Vado alla Polizia, non mi resta altro. In questura se la ridono, a denti stretti, sanno con chi hanno a che fare, la Polizia Municipale. Ci litigano ogni giorno. Provano a chiamare loro, vanamente, poi mi consigliano di andare di persona alla centrale dei vigili urbani, in via Montecatini. Uff... E va bè, proviamoci.

Nel palazzotto che conosco fin troppo bene, dopo un paio di saliscendi a vuoto, finalmente becco un vigile gentile che acchiappa un impiegato, gli rispiego tutto, ancora una volta. Quello va in un altro ufficio, promettendo al vigile che ora scopre l'arcano. Il vecchio vigile se ne va. L'impiegato torna con un foglietto: "Nessuna novità, chiami questo numero 0667691". Non ci credo. Lo stesso di prima. "Ah, ma si ricordi di precisare che è stata spostata di notte". Ah, grazie infinite.

Torno alla Polizia. Non la prendono benissimo. Perché loro lavorano e i vigili no? Un agente determinata si mette al telefono. Vuole ottenere delle risposte. Dopo mezz'ora di telefonate, la risposta è la stessa. Nessun dato. La targa non si trova. Non è in alcun deposito, non è in alcun registro di spostamento a vista.
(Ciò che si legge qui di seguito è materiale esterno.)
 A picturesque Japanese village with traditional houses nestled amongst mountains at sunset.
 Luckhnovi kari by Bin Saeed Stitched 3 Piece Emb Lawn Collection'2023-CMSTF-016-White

Non ci sono alternative. L'agente controvoglia, mi manda a fare la denuncia. Non vi dico la gioia anche durante la stesura dell'atto. Bene. Ora la mia macchina è stata ufficialmente rubata. Mi viene da ridere, sono sicuro che non sia così, ma cominciano a sorgermi ansie esistenziali stile Fu Mattia Pascal: E se non l'avessi lasciata là? Magari è davvero altrove. Ma io ho la macchina..? Chi sono? Dove vado? Da dove vengo?
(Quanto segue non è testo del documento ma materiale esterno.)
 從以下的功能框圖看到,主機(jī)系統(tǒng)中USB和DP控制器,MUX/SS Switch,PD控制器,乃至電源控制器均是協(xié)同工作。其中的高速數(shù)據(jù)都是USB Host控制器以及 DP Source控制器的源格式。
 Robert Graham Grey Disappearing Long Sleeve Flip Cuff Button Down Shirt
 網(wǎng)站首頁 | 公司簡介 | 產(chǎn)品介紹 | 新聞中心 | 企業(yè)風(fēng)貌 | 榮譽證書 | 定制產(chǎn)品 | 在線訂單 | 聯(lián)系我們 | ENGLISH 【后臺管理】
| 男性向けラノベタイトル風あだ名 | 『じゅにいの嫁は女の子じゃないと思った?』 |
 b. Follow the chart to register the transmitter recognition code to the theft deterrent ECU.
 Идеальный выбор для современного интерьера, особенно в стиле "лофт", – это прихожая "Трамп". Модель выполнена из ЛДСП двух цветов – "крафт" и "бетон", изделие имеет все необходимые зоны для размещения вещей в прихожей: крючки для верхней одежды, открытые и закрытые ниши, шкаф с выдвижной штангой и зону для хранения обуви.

Al ritorno passo da quelli delle ganasce, che si erano prodigati per me. Ovviamente il tipo ha parlato col suo collega. Non faccio a tempo a mostrargli la denuncia. La mia macchina è in una piazza poco distante. Bella parcheggiata, non oso immaginare come. La polizia mi consiglia di aspettare e chiamare una volante prima di ritirare la denuncia. Tocca ai vigili prendersi la responsabilità di quello che è successo. E non rimane che fare un esposto al Comune per questa grottesca avventura.